Late October 2023 brought a major resurgence across the crypto market spearheaded by the world’s foremost cryptocurrency – Bitcoin (BTC). The ongoing rally saw massive inflows as well as different coins and tokens reaching highs not seen in well over a year.
The bull run brought the industry back into the public consciousness – if it had ever indeed truly left – as evidenced by the fact that a recent Grayscale poll found that as many as 70% U.S. voters want a president knowledgeable about blockchain, artificial intelligence, and other innovative technologies.
This rise in traffic also, unfortunately, brought about a renaissance in crypto hacks and scams, as evident to anyone actively following the comings and goings of the digital assets community and as evidenced by the fact that institutions like the U.K.’s Lloyds Bank (LON: LLOY) issued warnings of the most common types of crypto fraud.
Or so it would appear.
As it turns out, much like the crypto market never really left, neither did crypto-related illicit activity and with the New Year right around the corner, Finbold decided to take a brief look at the highest-profile cases from each of the quarters of 2023.
Euler Finance Hack (March)
The Euler Finance flash loan attack that took place on March 13, 2023, proved to be both the biggest single crypto hack of the year and the single largest crypto recovery. The attack, enabled by a liquidity issue in the DonateToReserve function, saw as much as $197 million in DAI, wrapped Bitcoin (wBTC), USDC stablecoin, and staked Ethereum (stETH) stolen.
In a surprising twist, the attacker, who self-identified as Jacob through a series of encrypted messages, not only apologized for the hack but also returned the stolen assets.
Multichain Hack (July)
The Multichain attack was similarly large but, unfortunately, did not have anything near to the happy ending of the Euler Finance hack. The cross-chain bridge protocol was drained of $125 million worth of cryptocurrency in a series of unauthorized and large withdrawals.

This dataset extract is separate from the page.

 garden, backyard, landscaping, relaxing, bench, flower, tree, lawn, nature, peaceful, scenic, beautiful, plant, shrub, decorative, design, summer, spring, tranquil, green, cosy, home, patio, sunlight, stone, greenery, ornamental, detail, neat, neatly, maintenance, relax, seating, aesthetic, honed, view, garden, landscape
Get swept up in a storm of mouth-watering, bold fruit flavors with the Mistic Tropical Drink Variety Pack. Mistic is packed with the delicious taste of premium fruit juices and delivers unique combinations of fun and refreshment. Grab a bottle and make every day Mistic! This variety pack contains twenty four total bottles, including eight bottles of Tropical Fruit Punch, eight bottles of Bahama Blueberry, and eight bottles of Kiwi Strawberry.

A vast majority of the drained assets came from the Fantom bridge and the attacker took USDC, Dogecoin (DOGE), Tether (USDT), wrapped Bitcoin (wBTC), and wrapped Ethereum (wETH).

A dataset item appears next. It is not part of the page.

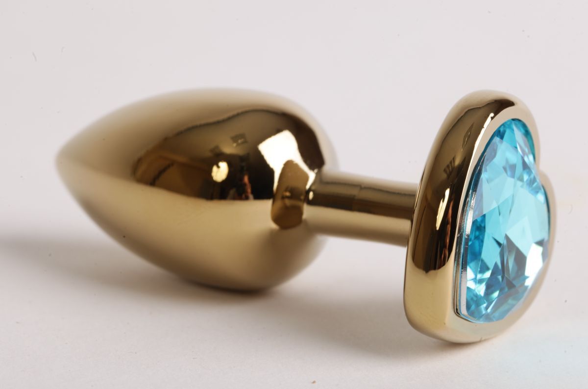 Золотистая анальная пробка с голубым стразиком-сердечком - 7,5 см.
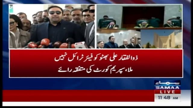 #Samaatv #imrankhan #barristergoharalikhan #pti #election2024 #nawazsharif #supremecourt #supremecourt #chiefjustice #qazifaizisa #ppp #bilawalbhutto #asifzardari #zulfiqaralibhutto Bilawal Bhutto Speak Out After Supreme Court Verdict On Zulfiqar Ali Bhutto Case | SAMAA TV SAMAA TV is the top Pakistani news channel covering national news from a diverse array of fields -- from politics and current affairs, business and sports to international, entertainment and culture. The channel aims at providing factual, in-depth and latest news as and when it happens. Tune in to SAMAA TV to stay updated, whether at home or on the go, on all things current and relevant. ➽ Subscribe to Samaa News ➽ https://bit.ly/2Wh8Sp8 ➽ Watch Samaa News Live ➽ https://bit.ly/3oUSwAP Stay up-to-date on the major news making headlines across Pakistan on SAMAA TV’s top-of-the-hour segment. For in-depth coverage watch the bulletins. SAMAA TV is Pakistan’s first private satellite news channel that provides live transmission simultaneously from five cities of Pakistan: Karachi, Lahore, Islamabad, Quetta and Peshawar. SAMAA’s live news bulletins, incisive political talk shows and a wide range of programs including sports, social issues and infotainment has enabled it to position itself among the top tier news and current affairs channels of Pakistan. SAMAA Network : SUBSCRIBE to get the latest SAMAA News content: https://bit.ly/2Wh8Sp8 ► SAMAA News YouTube Channel: https://bit.ly/2Wh8Sp8 ► SAMAA Originals YouTube Channel: https://bit.ly/32c1qO3 ► SAMAA MONEY YouTube channel: https://bit.ly/2EkiglJ ► SAMAA SPORTS YouTube channel: https://bit.ly/34jyINP ► SAMAA ISLAMIC YouTube channel: https://bit.ly/2LT1WMF Keep watching SAMAA! For latest Urdu News updates visit: http://www.samaa.tv http://www.facebook.com/samaatvnews http://www.twitter.com/samaatv http://www.instagram.com/samaatv Punjab Govt | CM Punjab | Punjab Assembly | Bilawal Bhutto | PM Anwar ul Haq | Imran Khan | News | Breaking News | Latest News | News Headlines | Prime Time Headlines | Samaa News | News Channel | Live News | Breaking News | Latest News | Pakistan Breaking News | Breaking News Today | News Headlines | Headlines News | Pakistan News | Headlines | Live News | News Updates | Samaa news live | Samaa | Samaa Live | Samaa News Live Streaming | Samaa Youtube Channel | Samaa Channel | Samaa Tv Live | Samaa Tv | Samaa Live Tv | Samaa Live News

Approximately a week after the attack, Multichain made an X post that detailed what can be, as an understatement, described as a series of unfortunate events and announced that it is shutting down.
On September 5, the blockchain security firm PeckShield alerted the public that wallets belonging to the online crypto casino Stake.com were drained of a total of $41 million worth of assets.
The attackers, possibly North Korea’s Lazarus Group, according to an FBI report, took a selection of cryptocurrencies, including ETH, Polygon (MATIC), and BNB.
Ledger Supply Chain Attack (December):
Cumulatively, the period between October and December accounted for the largest total losses to hacks in the cryptocurrency industry, but one, the Ledger Connect Kit attack that took place on December 14, drew the most attention.
The attacker drained the wallets of users who inadvertently gave him permission through malicious code the hacker injected into Ledger Connect Kit v1.1.7 library. At the very least, SushiSwap, Zapper, and Revoke.cash were compromised in the attack, and approximately $600,000 in assets was lost.
Ultimately, Ledger’s quick actions prevented more damage from being done, and the company promised to make the affected users whole, to fully follow up on the event, to fix the issues that led to the attack, and to tighten security in general.